Я лежала на нарах, впав в обычное полуголодное забытьё, когда в бараке начался очередной скандал. Плакала одна из «указниц»: украли передачу. Не ново. Но девочка оказалась боевитая, сообразительная, верно сориентировалась: «Надо держаться сильных» – и бесстрашно пошла в конец барака жаловаться управительницам. Те жалобу приняли, и… началось представление. Полуголые, воинственные, вооружённые досками, выломанными из нар, они отправились искать виновного, собираясь «восстановить справедливость» на виду у всего барака. Ребром доски человека обычно били до хруста в костях. После расправы уносили «мешок с переломами».

– Щас найдём твою передачу! – пообещали они обиженной девочке. – Эта? – спрашивали у привлечённой для «операции» свиты «шестёрок». – Эта? – оглядывали тех, кому было предписано существовать на верхних нарах.

– Вот эта, эта! – прокричала одна из мелких блатных, указывая на меня. – Она украла!

…И они двинулись ко мне. Полуголые бабы столпились вокруг, собираясь при всех бить воровку.

Смертельный холод пробежал от сердца к низу живота и парализовал меня. Я не могла двинуть ни рукой, ни ногой. Вот и всё! Вот такой конец!

– Да вон она, передача! – крикнул кто-то снизу.

«Судьи» неохотно обернулись на вытащенный из-под нижних нар мешок, схватили его и направились на «хутор» уничтожать содержимое. «Указница» пошла пировать вместе со спасительницами.

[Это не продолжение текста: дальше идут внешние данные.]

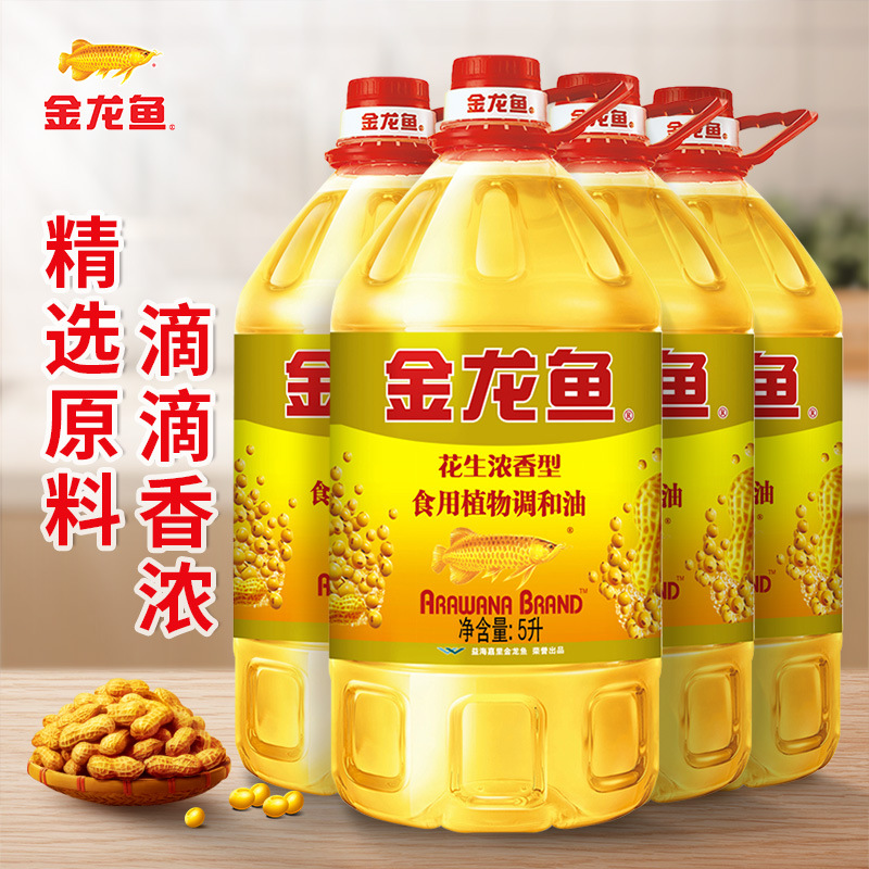 升食用油家用调和油植物花生金龙鱼桶装炒菜5升升油浓香型4
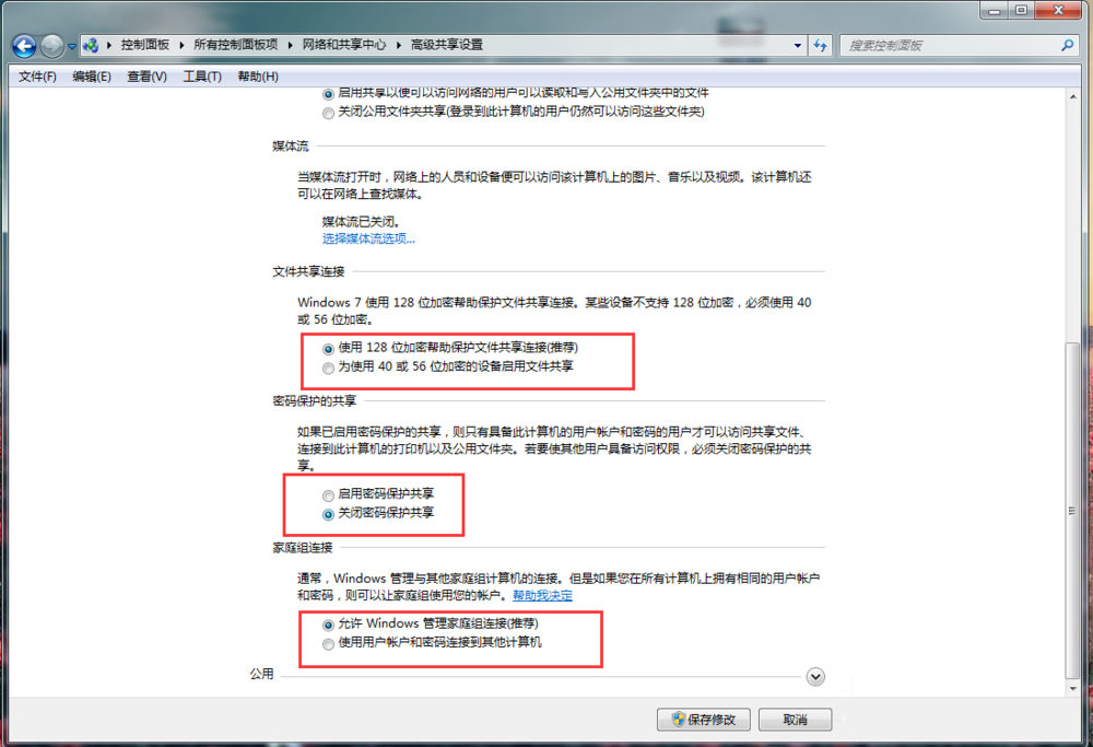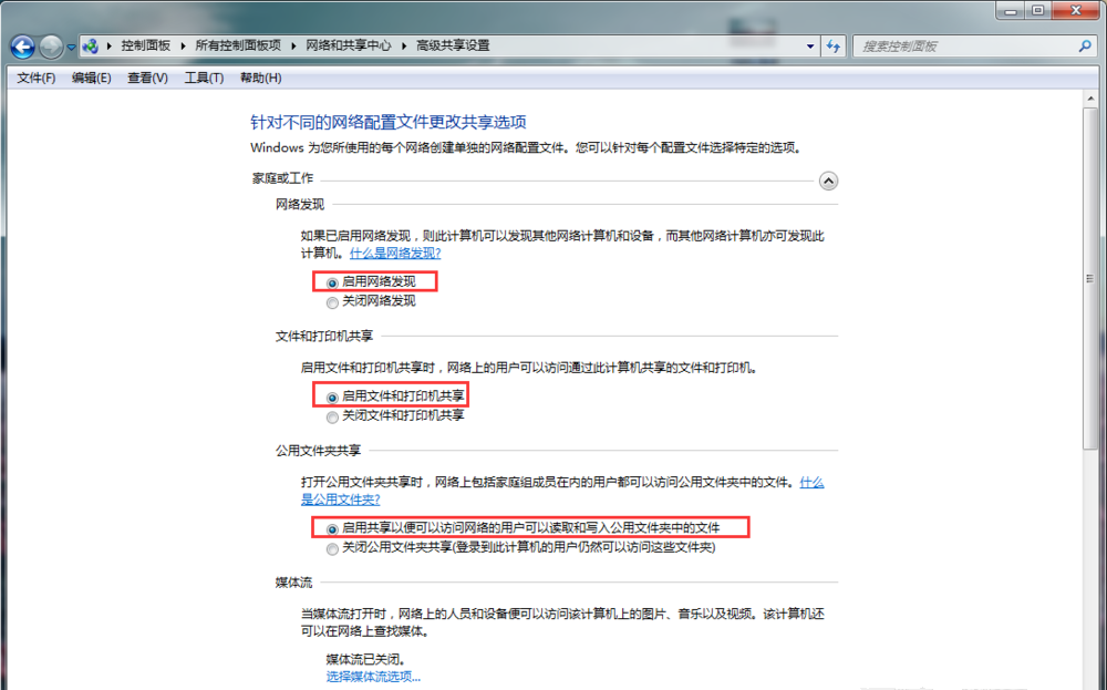 如图,依次勾选【启用网络发现】、【启用文件和打印机共享】,然后点击【公用文件夹共享】,自行决定是否勾选,

Я всё ещё лежала, время от времени теряя сознание, но стараясь при этом удержать ощущение, которое раза два уже посещало меня при чрезвычайных обстоятельствах: отворялись какие-то створки внутри, добавлялось чуть-чуть пространства. И приходила мысль: может, я кем-то хранима?..

* * *

Как навсегда мы принимаем в душу постороннего человека, чья рука выводит нас из предсмертья к жизни! При этом вздрагивает время собственной судьбы, и мы запоминаем это «вдруг».

Каждое утро, когда нас выводили на работу и повторяли, что будут при попытке к бегству стрелять, нашу колонну своей особой летучей походкой обегал прораб Беловодского лагеря. На нём был брезентовый плащ с капюшоном, в руках – блокнот. Яркими чёрными глазами он оглядывал каждого, оценивая его рабочие возможности, давал задания бригадирам. Это был болгарин Христофор Родионович Ергиев. Неожиданно он вызвал меня из строя:

– Пойдёте в бригаду Батурина.

И тут же крикнул:

– Батурин, возьмёшь эту девочку к себе в бригаду!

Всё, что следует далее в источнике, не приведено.